Reputation: 2854
I have some trouble importing a text file seperated by space / multiple spaces that also contains columns with strings that have spaces that should not be interpreted as seperators!
The table has no column names and a maximum of 9 columns. Column 6 is cmoprised by a string with spaces in it. Columns 4, 7, 8, 9 are optional and partly missing.
My idea was to use the fixed column widths when reading the table but was technically not able to achieve this..
Here is the file-url: ftp://ftp.ncdc.noaa.gov/pub/data/ghcn/daily/ghcnd-stations.txt
Because read.table throws an error,
> read.table("ftp://ftp.ncdc.noaa.gov/pub/data/ghcn/daily/ghcnd-stations.txt",sep="")

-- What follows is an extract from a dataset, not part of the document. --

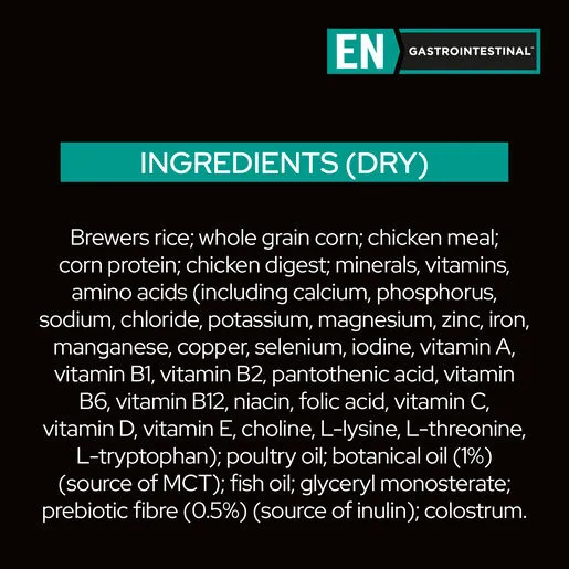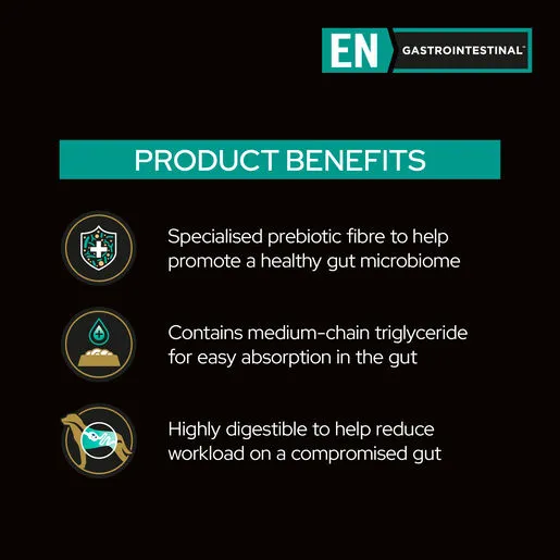 PURINA® PRO PLAN® Veterinary Diets Canine EN Gastrointestinal™ is specially formulated to nutritionally manage dogs and puppies with gastrointestinal issues, including vomiting, diarrhoea, pancreatitis, gastritis, enteritis, and malabsorption.

Fehler in scan(file, what, nmax, sep, dec, quote, skip, nlines, na.strings, :
Zeile 1 hatte keine 9 Elemente
I did this instead
lines <- readLines("ftp://ftp.ncdc.noaa.gov/pub/data/ghcn/daily/ghcnd-stations.txt")
Here's a sample of lines
:
a <- c("USC00080211 29.7258 -85.0206 6.1 FL APALACHICOLA AIRPORT HCN 72220",
"USC00080228 27.2181 -81.8739 9.1 FL ARCADIA HCN ",
"USC00080236 27.1819 -81.3508 42.7 FL ARCHBOLD BIO STN ",
"USC00080369 27.5947 -81.5267 46.9 FL AVON PARK 2 W ",
"USC00080374 27.6000 -81.5000 46.0 FL AVON PARK 1 NW ",
"USC00080390 27.8500 -81.5167 38.1 FL BABSON PARK 1 ENE ",
"USC00080414 24.6589 -81.2761 0.9 FL BAHIA HONDA SP ",
"USC00080478 27.8986 -81.8433 38.1 FL BARTOW HCN ",
"ACW00011604 17.1167 -61.7833 10.1 ST JOHNS COOLIDGE FLD ",
"ACW00011647 17.1333 -61.7833 19.2 ST JOHNS ",
"AE000041196 25.3330 55.5170 34.0 SHARJAH INTER. AIRP GSN 41196"
)
tf <- tempfile(fileext=".txt")
writeLines(a,tf)
shell.exec(tf)
#read.table(tf, sep = "", ??)
Upvotes: 0
Views: 1381
Reputation: 13103
I recently encountered an issue that matches the title of this post. Albeit my problem was much simpler than the one in the body of the original post. I could not find a solution to my issue anywhere. Given how much trouble this issue caused me I thought I would go ahead and post my solution here in the hope it might be helpful to others.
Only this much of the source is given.